### Stored data entries
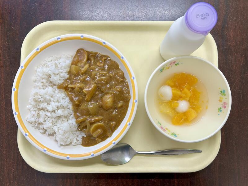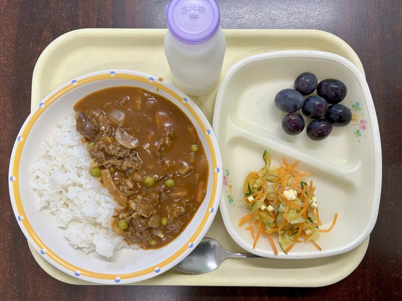 たっぷりトマトのハヤシライス、牛乳、カルシウムサラダ、果物(ぶどう)です。
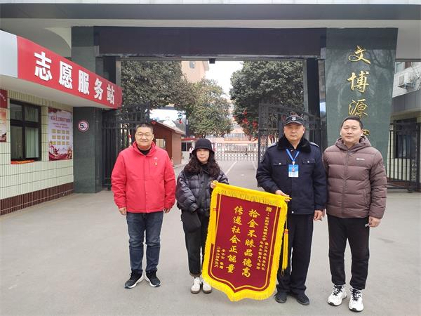 3月6日上午,安陽(yáng)李女士拿著“拾金不昧品德高 傳遞社會(huì)正能量”的錦旗,來(lái)到安陽(yáng)市人民大道小學(xué)教育集團(tuán)文博源小學(xué),對(duì)安陽(yáng)市洹河保安公司人防二大隊(duì)駐該校保安中隊(duì)長(zhǎng)李伏林和年級(jí)主任肖飛老師連聲道謝。
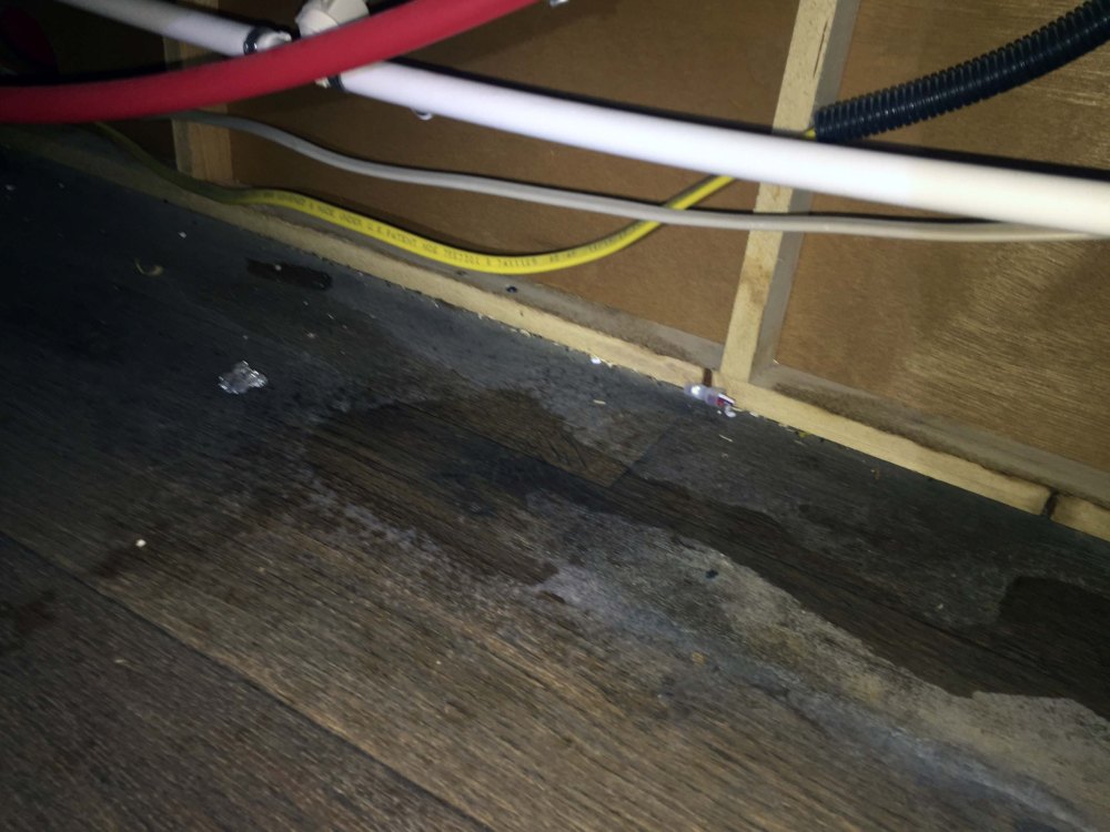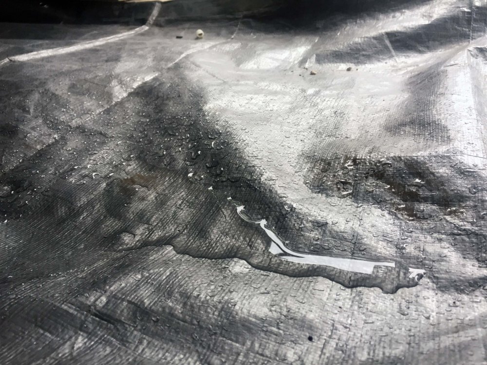 I looked at it very closely, and gave it a sniff. Not black water, or gray. So that’s good. It’s location wasn’t necessarily a clue to it’s origin, because water will always go downhill. So I started looking for it’s origin. The spatters and tiny drops around the puddle told me it wasn’t pooling there from elsewhere on the tarp, so it was dripping from directly above. It also couldn’t be a bad leak, because it was such a small amount of water. And it wasn’t black or gray, so it had to be fresh. Directly above it I saw where it was dripping from.
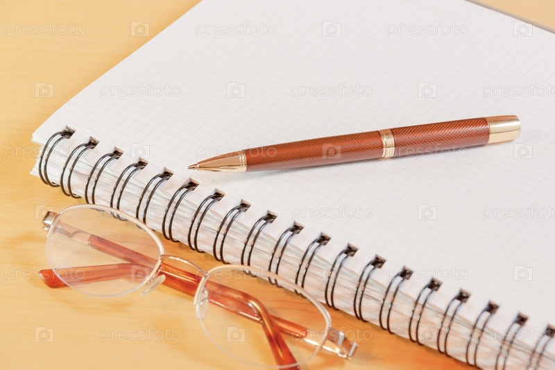 Ручки, блокнот и очки
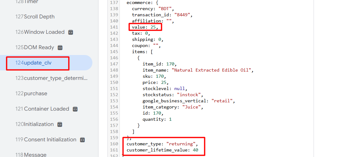 And now your tracking is complete! This custom code will push a completely new event into your data layer, allowing you to capture every detail related to the purchase, including the Customer Lifetime Value (CLV).

### EXERCISE OBJECTIVE
Print, please, exactly the lines from the one holding "I looked at" through the final line of the data, both included, while leaving out each picture.

### ANSWER SPACE
 I looked at it very closely, and gave it a sniff. Not black water, or gray. So that’s good. It’s location wasn’t necessarily a clue to it’s origin, because water will always go downhill. So I started looking for it’s origin. The spatters and tiny drops around the puddle told me it wasn’t pooling there from elsewhere on the tarp, so it was dripping from directly above. It also couldn’t be a bad leak, because it was such a small amount of water. And it wasn’t black or gray, so it had to be fresh. Directly above it I saw where it was dripping from.
 Ручки, блокнот и очки
 And now your tracking is complete! This custom code will push a completely new event into your data layer, allowing you to capture every detail related to the purchase, including the Customer Lifetime Value (CLV).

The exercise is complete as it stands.